- RECORDS SUPPLIED:
━━━
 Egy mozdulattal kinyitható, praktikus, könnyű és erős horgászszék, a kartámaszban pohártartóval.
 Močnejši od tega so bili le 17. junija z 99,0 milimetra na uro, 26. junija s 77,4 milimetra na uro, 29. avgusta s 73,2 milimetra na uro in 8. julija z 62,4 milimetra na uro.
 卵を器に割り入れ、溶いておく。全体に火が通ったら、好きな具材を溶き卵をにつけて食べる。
━━━
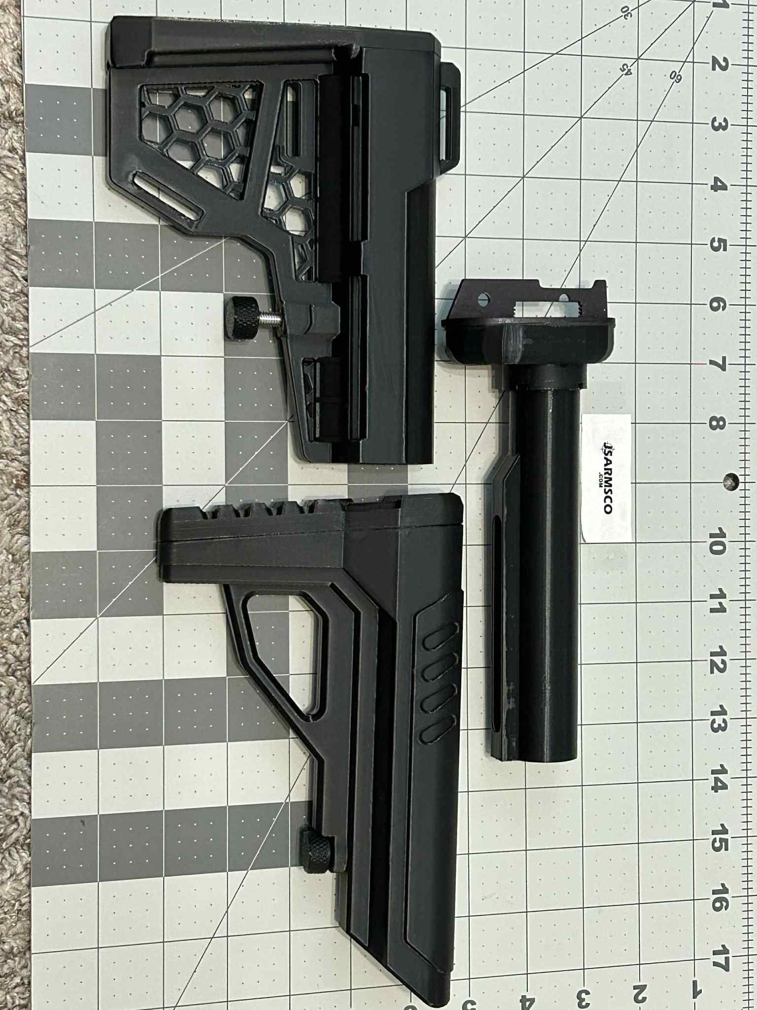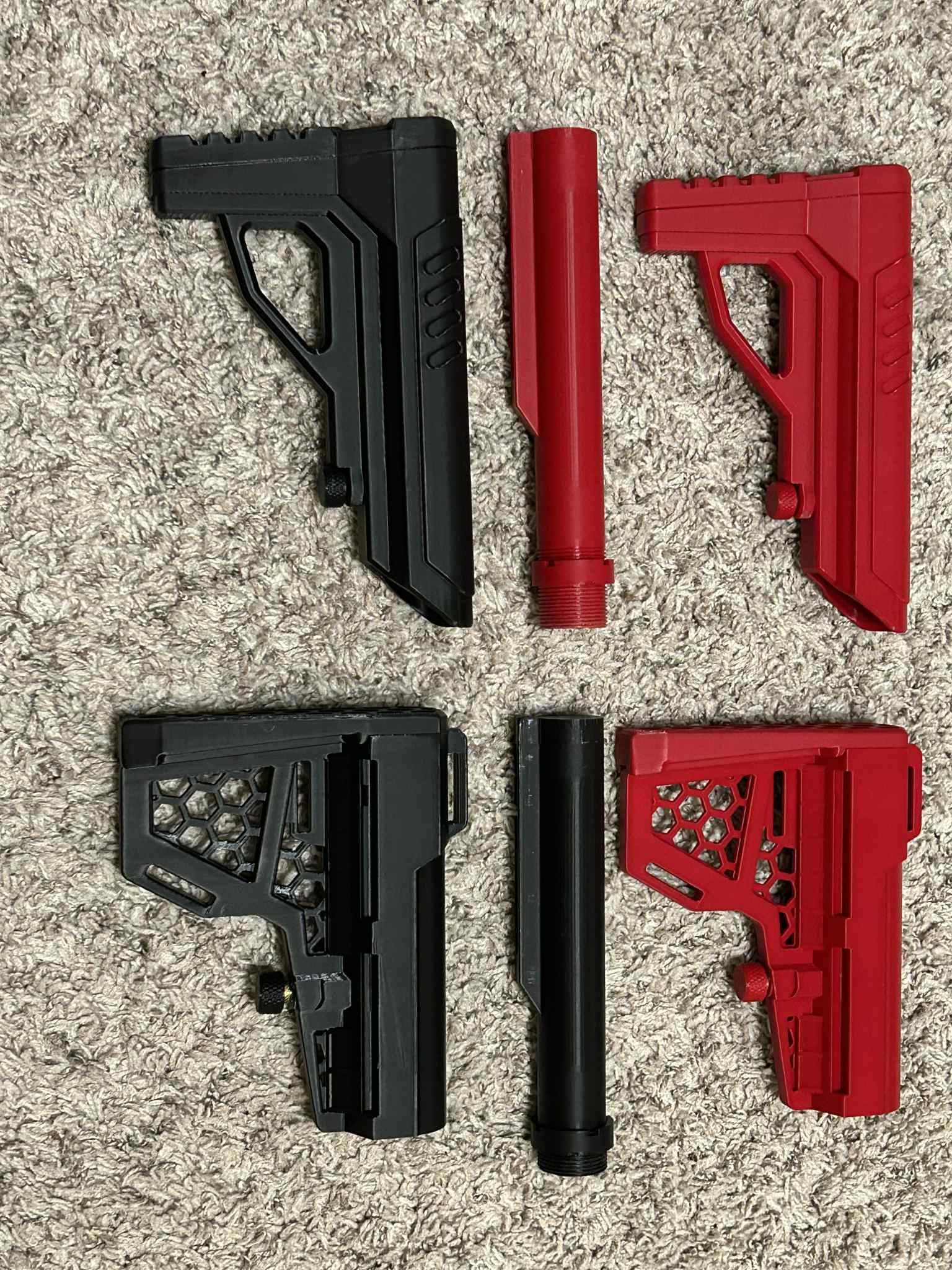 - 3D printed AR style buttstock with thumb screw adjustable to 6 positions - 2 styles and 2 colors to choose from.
━━━
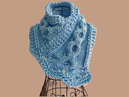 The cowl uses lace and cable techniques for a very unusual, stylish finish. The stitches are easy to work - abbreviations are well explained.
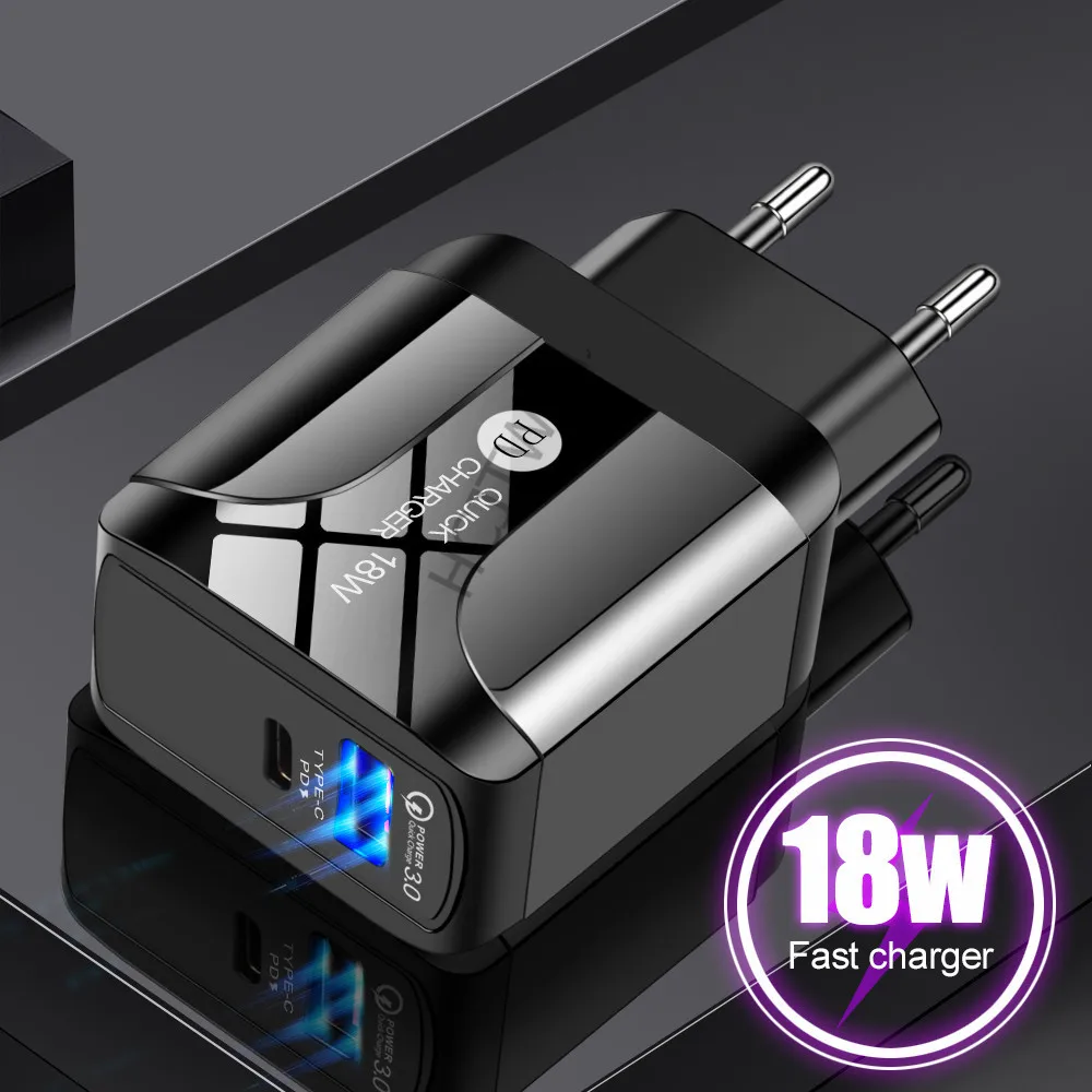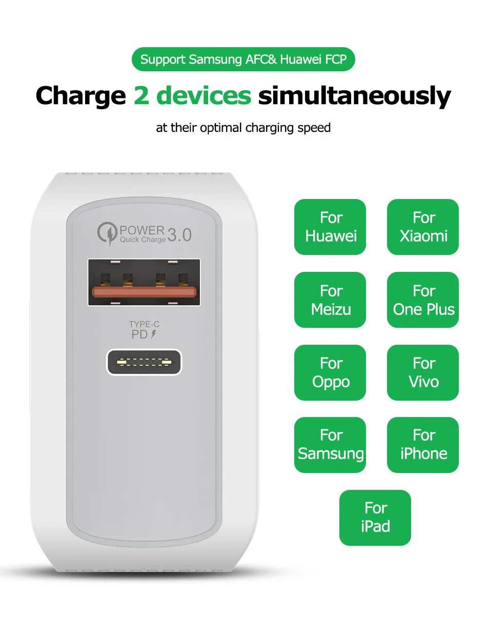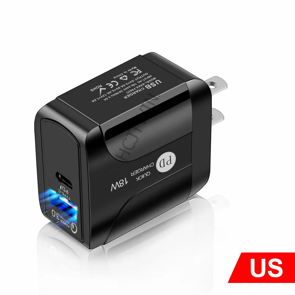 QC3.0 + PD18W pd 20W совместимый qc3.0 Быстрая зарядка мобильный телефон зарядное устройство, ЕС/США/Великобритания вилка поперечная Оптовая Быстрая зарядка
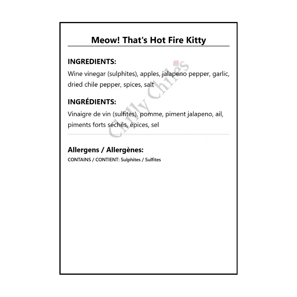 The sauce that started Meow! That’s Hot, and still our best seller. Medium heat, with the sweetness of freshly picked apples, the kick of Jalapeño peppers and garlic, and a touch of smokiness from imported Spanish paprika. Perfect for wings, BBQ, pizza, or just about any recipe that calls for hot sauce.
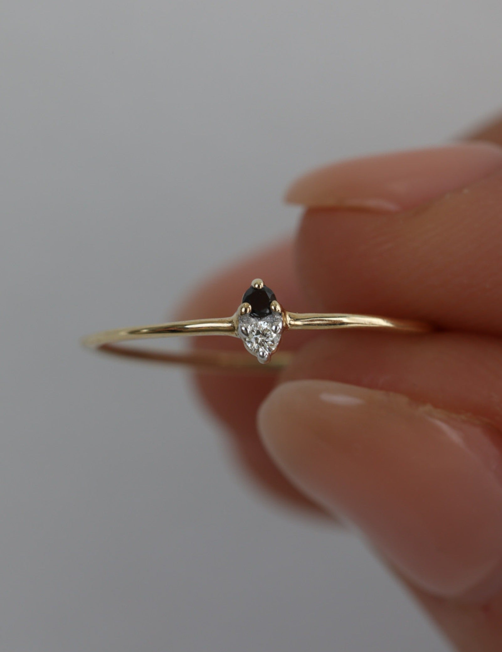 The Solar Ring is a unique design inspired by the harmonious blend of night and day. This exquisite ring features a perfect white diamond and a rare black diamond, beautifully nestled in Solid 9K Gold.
━━━
- TASK TO COMPLETE: Could you return exactly the stretch of the data above that starts at the line with "Egy mozdulattal kinyitható, praktikus, könnyű" and ends at the line with "卵を器に割り入れ、溶いておく", both lines included?

- YOUR RESPONSE:
 Egy mozdulattal kinyitható, praktikus, könnyű és erős horgászszék, a kartámaszban pohártartóval.
 Močnejši od tega so bili le 17. junija z 99,0 milimetra na uro, 26. junija s 77,4 milimetra na uro, 29. avgusta s 73,2 milimetra na uro in 8. julija z 62,4 milimetra na uro.
 卵を器に割り入れ、溶いておく。全体に火が通ったら、好きな具材を溶き卵をにつけて食べる。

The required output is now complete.